What is needed: Find the line below with "Magyar Szó, 16.". Print it and every line after it exactly, through the last line, leaving out the pictures.

Records shown:
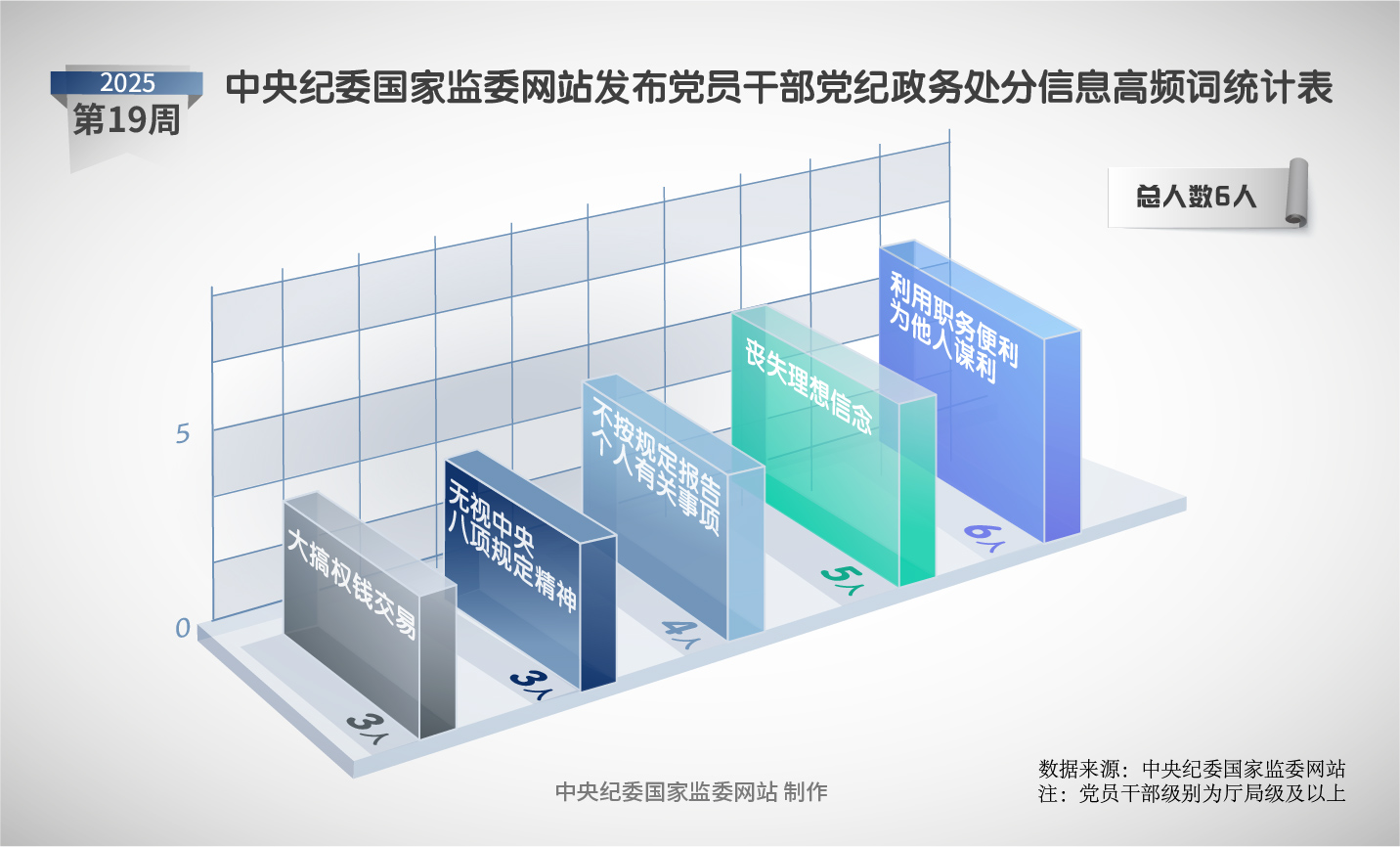 2025年第19周,在中央紀委國家監(jiān)委網(wǎng)站發(fā)布的6條黨紀政務(wù)處分通報中,“喪失理想信念”“不按規(guī)定報告?zhèn)人有關(guān)事項”“利用職務(wù)便利為他人謀利”“無視中央八項規(guī)定精神”“大搞權(quán)錢交易”是高頻詞。
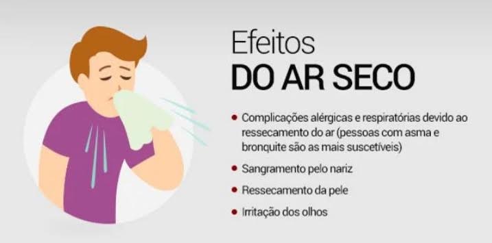 Atenção também para o ar cada vez mais seco nos próximos dias. A falta de umidade é um motivo de agravamento de problemas respiratórios e alérgicos
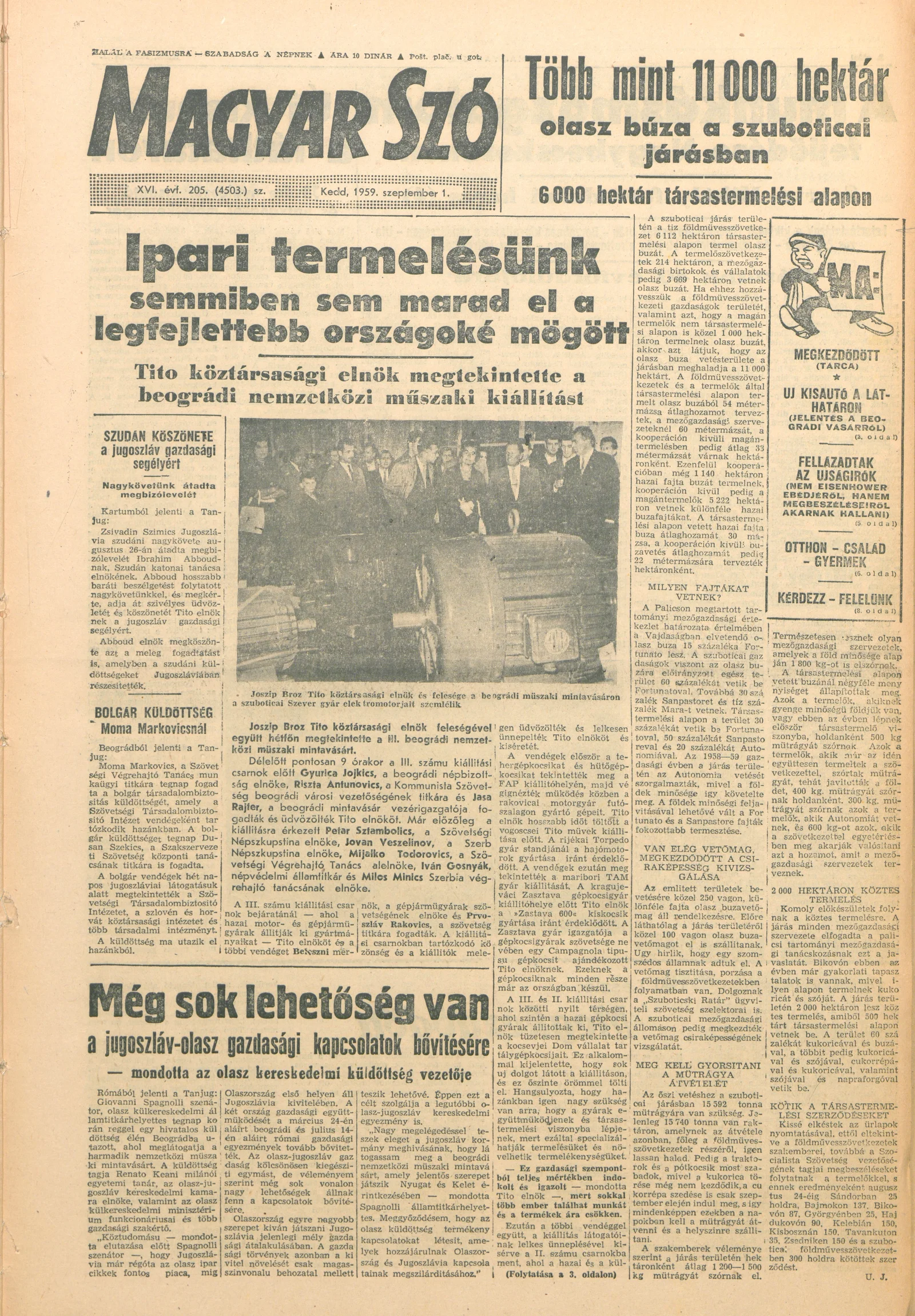 Magyar Szó, 16. évf. 1959. szeptember 1. 205. sz. 1–20. oldal
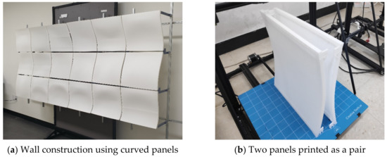 Through the results of this study, some panels of the case study were printed as a test (Figure 8a). Figure 8b is a photo of two panels printed as a pair. As a result, in the process of printing these panels, there was no collapse of panels since the two panels were supporting each other through minimal supports. In addition, it was possible to secure the quality of printing panels without manufacturing errors.
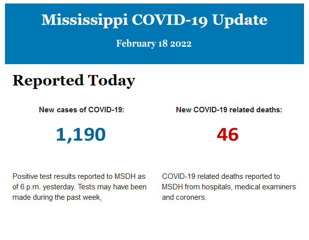 Listed below is the daily COVID-19 update for the state of Mississippi.
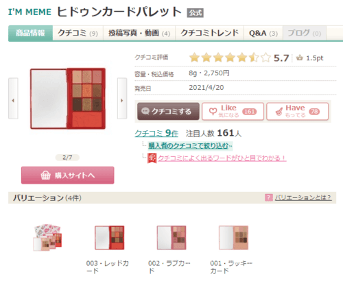 価格は2,750円、アットコスメでの評価も★5.7と高評価なアイテム!
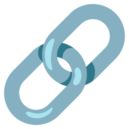Two links of a silver chain, positioned at a 45° angle. Used as an icon for a hyperlink on computers and the internet. May also be used for metaphorical connections. Not to be confused with ⛓️Chains, 📎 Paperclip, 🖇️ Linked Paperclips, or 🧷 Safety Pin.
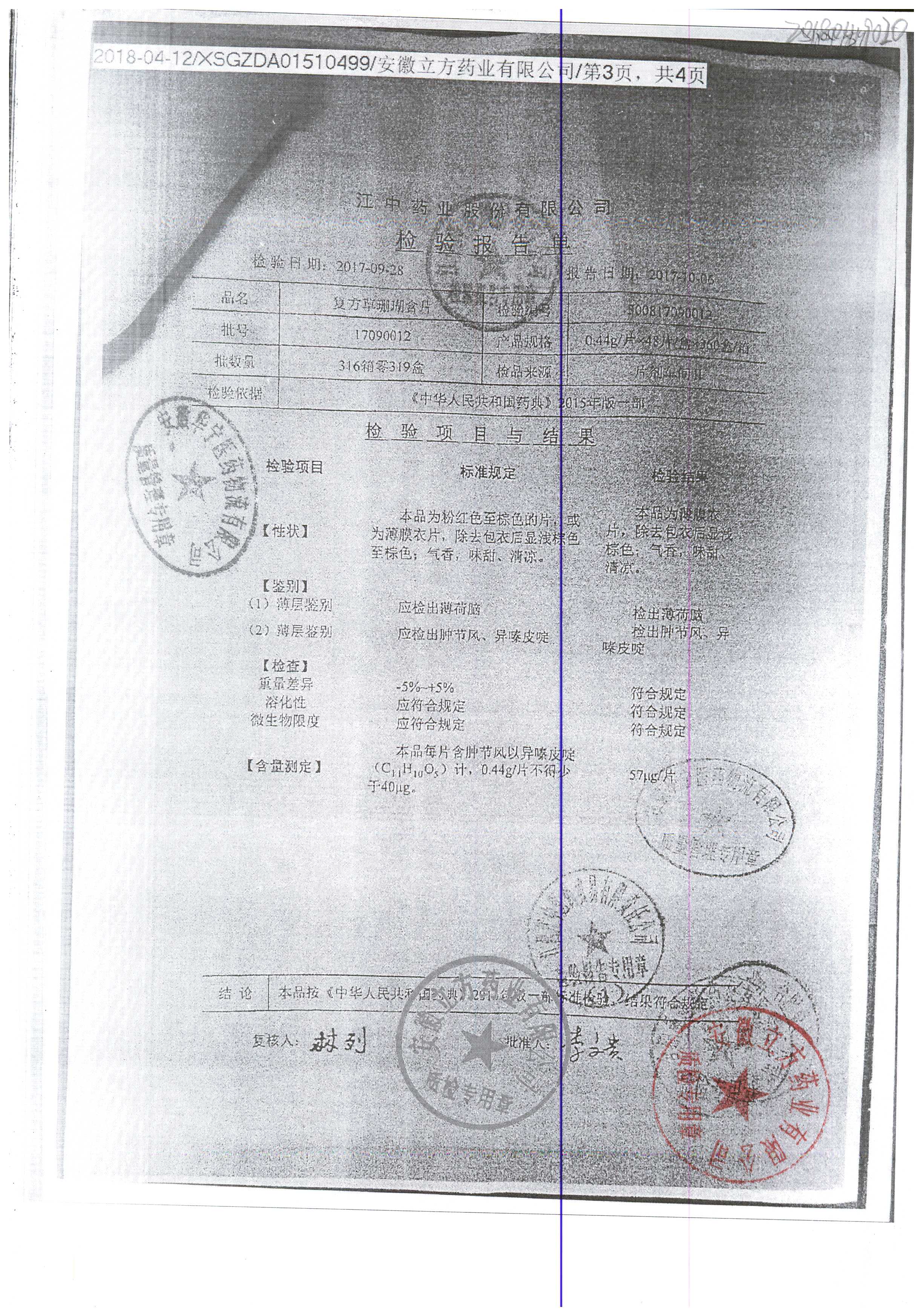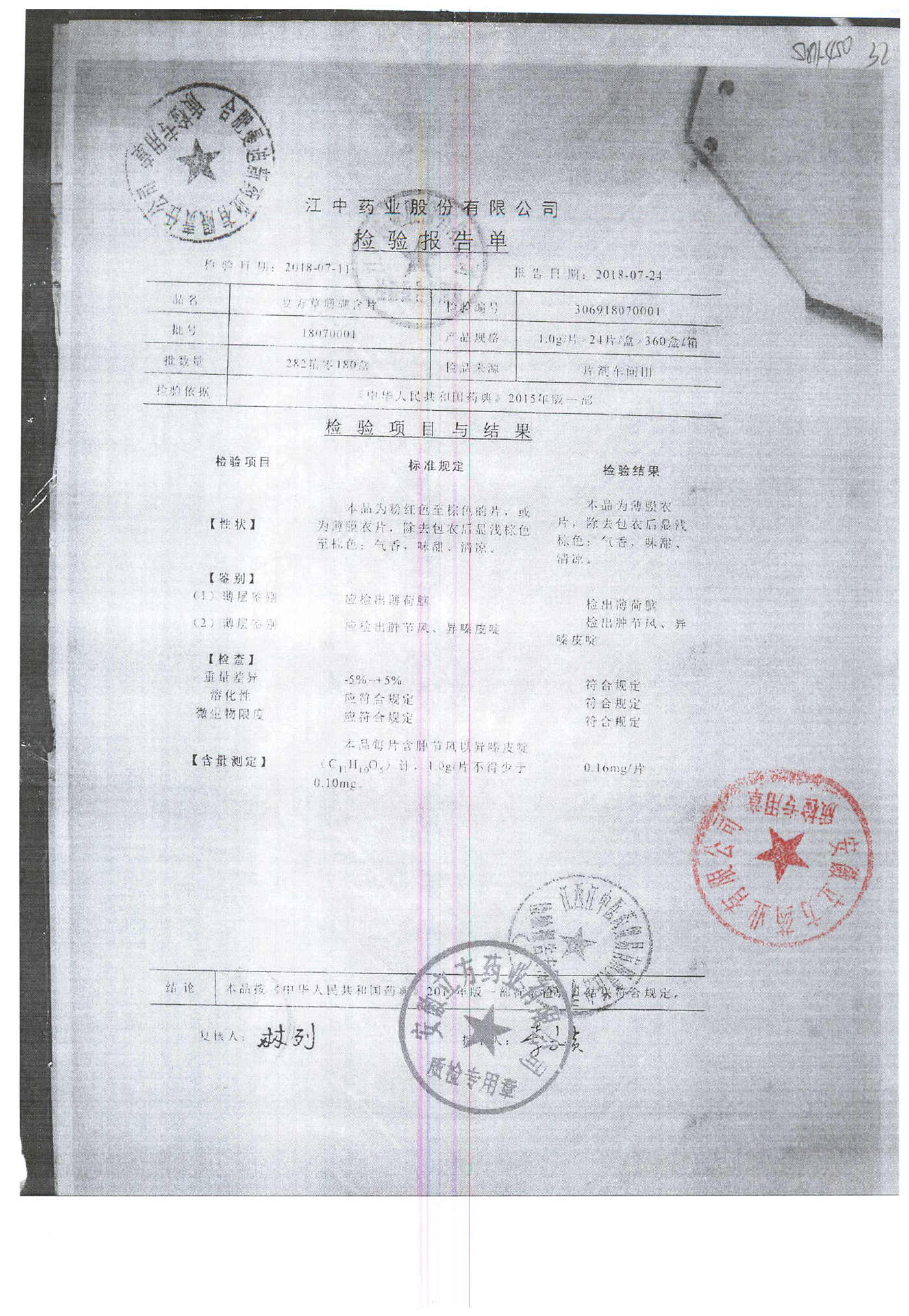 名稱 規格 批號 藥檢報告

Exercise answer:
 Magyar Szó, 16. évf. 1959. szeptember 1. 205. sz. 1–20. oldal
 Through the results of this study, some panels of the case study were printed as a test (Figure 8a). Figure 8b is a photo of two panels printed as a pair. As a result, in the process of printing these panels, there was no collapse of panels since the two panels were supporting each other through minimal supports. In addition, it was possible to secure the quality of printing panels without manufacturing errors.
 Listed below is the daily COVID-19 update for the state of Mississippi.
 価格は2,750円、アットコスメでの評価も★5.7と高評価なアイテム!
Two links of a silver chain, positioned at a 45° angle. Used as an icon for a hyperlink on computers and the internet. May also be used for metaphorical connections. Not to be confused with ⛓️Chains, 📎 Paperclip, 🖇️ Linked Paperclips, or 🧷 Safety Pin.
 名稱 規格 批號 藥檢報告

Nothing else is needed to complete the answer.